DevOps is not a buzz in the air anymore it has covered a lot of distance in terms of popularity and adoption. Now studies are suggesting that DevOps will rock in 2019 too.
2019 will be marked by the efforts of applying metrics to DevOps processes. These metrics will not only support the value of adopting DevOps they will also help organizations to merge the variety of DevOps gap occurred in recent years.
For example, a recent study of 1,076 IT experts organized by CloudBees (the open source Jenkins continuous integration/continuous development platform provider), suggests that while a lot of advances have been achieved in terms of adopting continuous integration, a lot of work is yet to be done before organizations proclaim continuous development. The study reports that 67 percent of participants say they are using DevOps, but only 50 percent of them have implemented continuous deployment.
According to Brian Dawson, DevOps evangelist for CloudBees, one of the major reasons why the difference exists is that getting developers to adopt continuous integration is an easier challenge than getting developers and IT operation teams to together embrace continuous development.

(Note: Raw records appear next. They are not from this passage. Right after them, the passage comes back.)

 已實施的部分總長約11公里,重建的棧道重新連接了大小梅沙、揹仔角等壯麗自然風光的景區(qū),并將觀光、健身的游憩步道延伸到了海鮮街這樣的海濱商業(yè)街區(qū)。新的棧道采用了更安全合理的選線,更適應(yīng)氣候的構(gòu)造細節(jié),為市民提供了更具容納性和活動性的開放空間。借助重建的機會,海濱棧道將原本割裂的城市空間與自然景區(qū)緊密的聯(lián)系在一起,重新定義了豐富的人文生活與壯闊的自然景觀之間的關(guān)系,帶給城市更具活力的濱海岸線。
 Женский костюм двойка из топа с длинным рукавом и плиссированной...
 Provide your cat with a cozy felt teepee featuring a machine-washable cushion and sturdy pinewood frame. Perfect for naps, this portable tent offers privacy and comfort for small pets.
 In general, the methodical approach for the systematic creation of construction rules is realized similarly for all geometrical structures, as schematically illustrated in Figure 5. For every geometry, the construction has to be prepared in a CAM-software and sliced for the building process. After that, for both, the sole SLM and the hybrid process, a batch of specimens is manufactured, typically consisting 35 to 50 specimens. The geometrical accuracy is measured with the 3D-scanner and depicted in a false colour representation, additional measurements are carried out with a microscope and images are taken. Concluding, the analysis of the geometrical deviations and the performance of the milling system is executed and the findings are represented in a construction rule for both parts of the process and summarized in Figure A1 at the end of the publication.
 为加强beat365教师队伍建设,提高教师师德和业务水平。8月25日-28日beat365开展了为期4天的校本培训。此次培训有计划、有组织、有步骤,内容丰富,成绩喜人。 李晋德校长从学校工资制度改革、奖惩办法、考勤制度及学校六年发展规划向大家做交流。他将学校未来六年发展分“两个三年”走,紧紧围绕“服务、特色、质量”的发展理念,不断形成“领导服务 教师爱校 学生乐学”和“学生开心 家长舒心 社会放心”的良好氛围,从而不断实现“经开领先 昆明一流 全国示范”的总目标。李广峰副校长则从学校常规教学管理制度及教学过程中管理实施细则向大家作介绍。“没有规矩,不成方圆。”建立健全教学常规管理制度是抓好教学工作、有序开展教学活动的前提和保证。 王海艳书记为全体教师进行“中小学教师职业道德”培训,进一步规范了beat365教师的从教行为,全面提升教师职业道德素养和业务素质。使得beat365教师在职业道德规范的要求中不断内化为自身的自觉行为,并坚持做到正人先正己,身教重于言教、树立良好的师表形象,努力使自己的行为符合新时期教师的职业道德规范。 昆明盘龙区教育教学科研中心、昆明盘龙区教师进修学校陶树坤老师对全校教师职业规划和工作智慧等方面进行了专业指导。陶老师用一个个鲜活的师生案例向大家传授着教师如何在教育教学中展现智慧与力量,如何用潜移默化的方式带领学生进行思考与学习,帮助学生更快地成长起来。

Filling that gap will need more organizations to measure exactly the benefits they are gaining by adopting DevOps, sometimes referred to as value stream management, said Dawson. Once those metrics are settled, he said, it should become simpler to drive DevOps processes rooted into most organizations.

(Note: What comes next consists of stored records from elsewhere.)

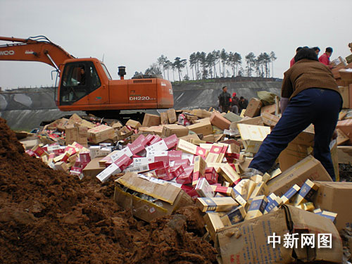 15日上午10時(shí),伴隨著大型壓路機(jī)和挖掘機(jī)工作的隆隆聲,3萬(wàn)多條假冒卷煙在宜昌市夷陵區(qū)丁家壩垃圾處理場(chǎng)被碾壓后填埋銷(xiāo)毀。
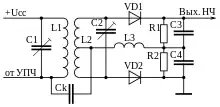 The Foster–Seeley discriminator[1][2] is a common type of FM detector circuit, invented in 1936 by Dudley E. Foster[3] and Stuart William Seeley. The Foster–Seeley discriminator was envisioned for automatic frequency control of receivers, but also found application in demodulating an FM signal.
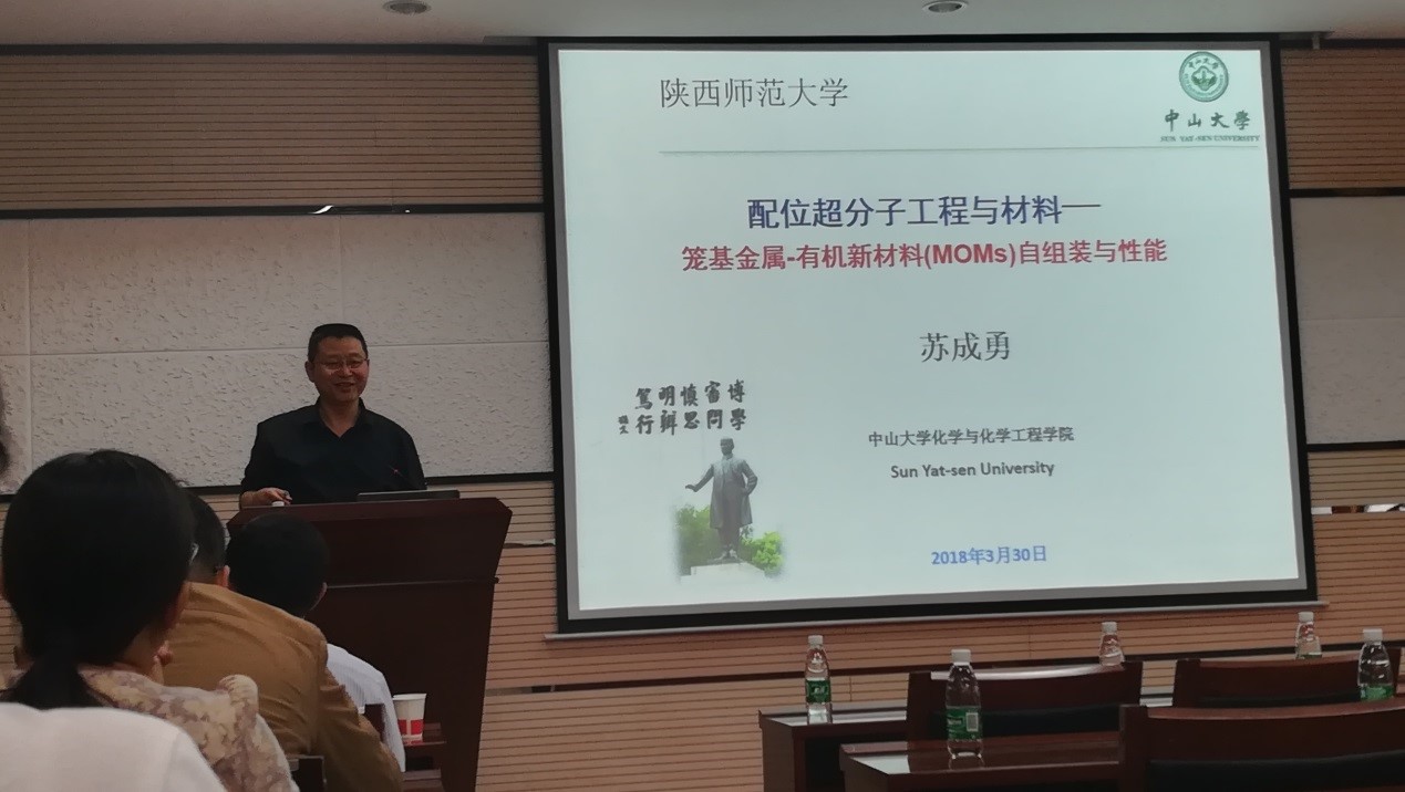 教授、国家杰出青年科学基金获得者苏成勇教授应邀访问一飞冲天,并在致知楼1668报告厅为一飞冲天师生分别带来了题为“手性超分子纳米空间的设计构筑”、“配位超分子工程与材料---笼基金属-有机新材料(MOMs)自组装与性能”的精彩报告。白俊峰教授、焦桓教授、张伟强副教授、薛东旭副教授、赵娜副教授、简亚军副教授、郑浩铨副教授以及相关专业博士生、研究生聆听了此次报告。报告会由白俊峰教授主持。

The difficulty, however, is that most organizations are not particularly disciplined when it comes to monitoring metrics. In fact, according to the CloudBees survey, 34 percent of participants agree they don’t collect any metrics from their DevOps pipelines.
Dawson also noted that the rise of containers and Kubernetes soon may force more broad adoption of DevOps, as microservices based on containers are regularly updated. Kubernetes may soon provide a common set of representations from which developers and IT operations teams can derive a unified set of processes. 79 percent of the participants say that they are using Docker and 47 percent apply Kubernetes. Additionally, 38 percent of study respondents are working with containers in both development and test projects, compared to 33 percent utilizing containers from development all the way through to production. CloudBees is trying to encourage adoption of Jenkins X, a CI/CD platform that is based on a microservices structure facilitated by containers and Kubernetes.
Of course, the DevOps gap is hardly restricted to definitions. The CloudBees survey also reveals communication gaps that need to be filled in 2019. For example, according to the survey, C-level officials and programmers have a generally lower opinion than IT operations units and superior managers concerning the degrees to which DevOps methods are being embraced.